KnigaRead.com/

Жауме Кабре - Я исповедуюсь

На нашем сайте KnigaRead.com Вы можете абсолютно бесплатно читать книгу онлайн Жауме Кабре, "Я исповедуюсь" бесплатно, без регистрации.
Перейти на страницу:

Пока шла война, Карме Боск видела его не слишком часто. Однако это время закончилось, и сеньор Ардевол вновь стал наносить визиты ее отцу. Мужчины запирались в кабинете, а Карме возвращалась к своим делам и говорила Лоле Маленькой: сегодня я не хочу идти покупать сандалии, и Лола знала, что причина тому – приход сеньора Ардевола, засевшего с хозяином в кабинете над древними бумагами, и потому отвечала, пряча улыбку: как скажешь, Карме. После войны отец, практически не посоветовавшись, записал ее во вновь открытую Библиотечную школу. Те три года, которые она там провела, почти что возле дома, поскольку они жили на улице Делс-Анжелс, стали самыми счастливыми в ее жизни. В школе она нашла подруг, с которыми обменялась обещаниями видеться и после окончания учебы, даже когда все выйдут замуж и т. д., и с которыми больше никогда не виделась, даже с Пепитой Масриерой. Карме устроили работать в университетскую библиотеку – возить тележки с книгами, и девушка безуспешно пыталась выглядеть так же сурово, как сеньора Каньямерес. Иногда она встречала сеньора Ардевола, тот отчего-то стал чаще заходить в библиотеку и всегда спрашивал: как поживаешь, красавица? Но Карме все же скучала по своим подругам из школы, особенно по Пепите Масриере.

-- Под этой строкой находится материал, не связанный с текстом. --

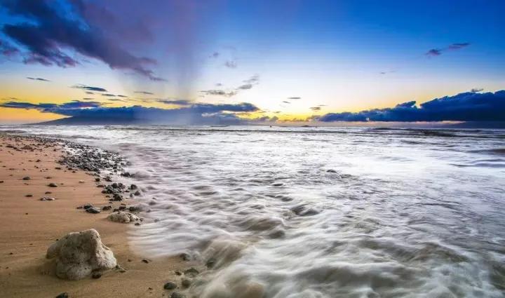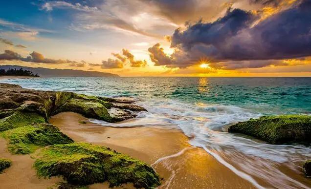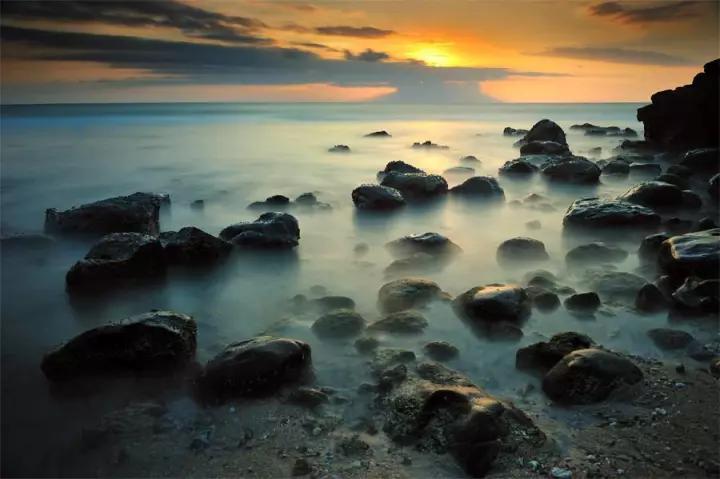 使用慢快門。想要拍出海水運(yùn)動的動感,可以利用慢門進(jìn)行拍攝,運(yùn)動著的海水與靜止的沙灘、石頭形成一個(gè)很好的動靜對比效果。

– Нет такого цвета – насыщенно-каштановый.

Лола Маленькая смотрела на Карме с иронией, ожидая ответа.

– Ладно. Красивый каштановый. Как темный мед. Эвкалиптовый.

– Он ровесник твоему отцу.

– Вот и нет! На семь с половиной лет моложе.

– Все, я молчу.

Сеньор Ардевол, несмотря на «чистку», все равно не доверял новой профессуре. Как и старой. Эти, конечно, уже не могли обсуждать его прошлое, потому что не знали о нем, но наверняка подумают: ты карабкаешься вверх по скользким камням, друг мой.

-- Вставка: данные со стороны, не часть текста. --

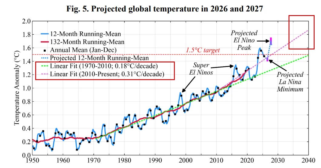 Last December we featured a piece, “Near-Term Climate News and Other Tall Tales,” which included the following chart. The source is James Hansen’s December 2025 climate letter, available here. I’ve highlighted in red two areas of special interest.

Феликс Ардевол желал бы избежать любых объяснений с теми, кто смотрел на него с вежливой иронией и молча ждал. Пока в один прекрасный день он не сказал самому себе: ну все, хватит! я не могу жить под дамокловым мечом! – и отправился на виа Лаэтана[61], где выдохнул: профессор Мунтельс с кафедры палеографии.

– Как вы говорите?

– Профессор Мунтельс с кафедры палеографии.

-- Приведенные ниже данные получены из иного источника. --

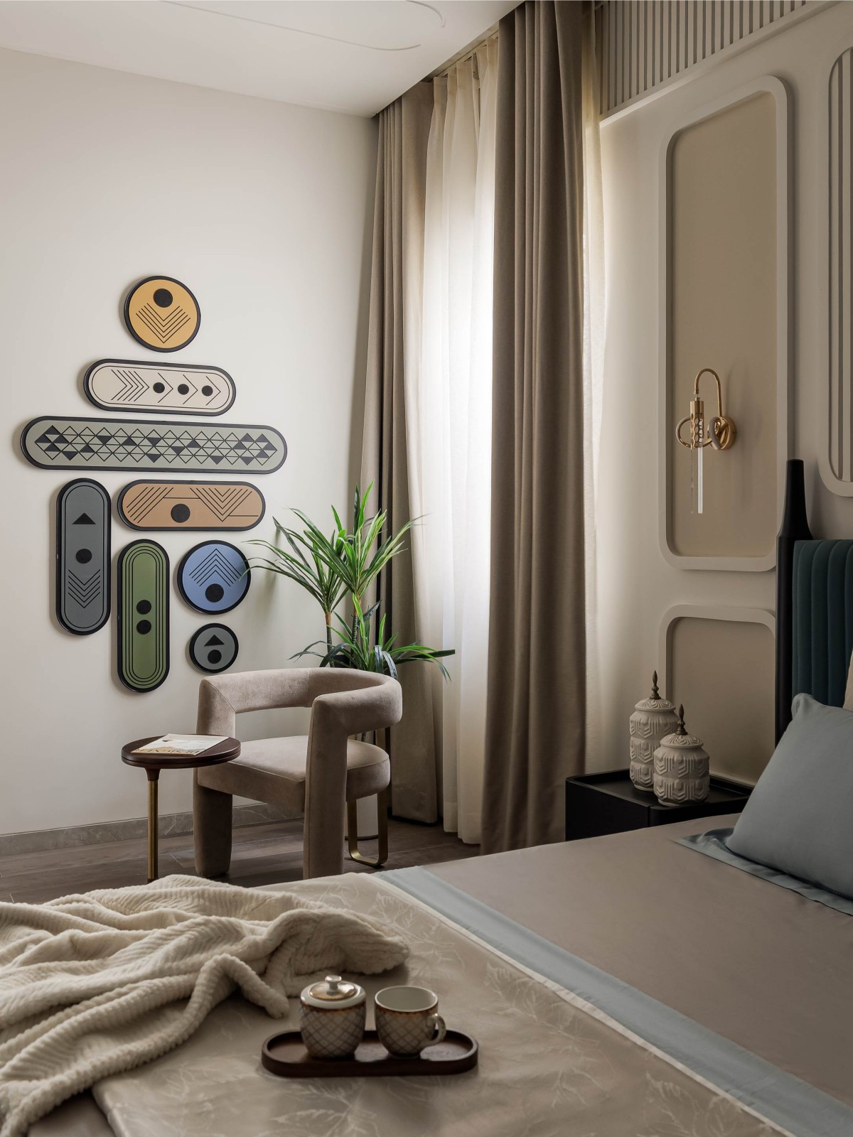 The private rooms reflect individual personalities. The master suite emphasizes calm with clean lines, softened by gentle curves and anchored by a teal four-poster bed. A reading nook by the window, accented with bohemian artwork, provides a peaceful retreat. The son’s room features a bold 3D tree mural within a circular inset and a concealed door leading to a walk-in wardrobe with chevron-patterned rattan and fluted glass shutters. A study nook with floating shelves and a rocking chair adds functionality. The daughter’s room adopts softer tones with stucco-textured paint, floral sconces, and delicate décor, while the guest bedroom introduces cooler greys balanced by wooden artworks.

– Мунтельс с кафедры палеографии, – медленно выводил буквы комиссар. – А зовут его?

– Элой. А вторая фамилия…[62]

– Элой Мунтельс с кафедры палеографии, та-а‑ак.

Кабинет комиссара Пласенсии выкрашен в буро-оливковый цвет, шкаф с картотекой проржавел, а на потрескавшейся стене висят портреты Франко и Хосе Антонио[63]. Через грязное оконное стекло можно было увидеть кусок виа Лаэтана. Но сеньору Феликсу Ардеволу некогда было разглядывать обстановку. Он писал полное имя доктора Элоя Мунтельса, чья вторая фамилия была Сиурана, – сотрудника кафедры палеографии, также когда-то учившегося в Григорианском университете и очень косо смотревшего на Ардевола, когда тот приходил к профессору Боску по своим таинственным делам.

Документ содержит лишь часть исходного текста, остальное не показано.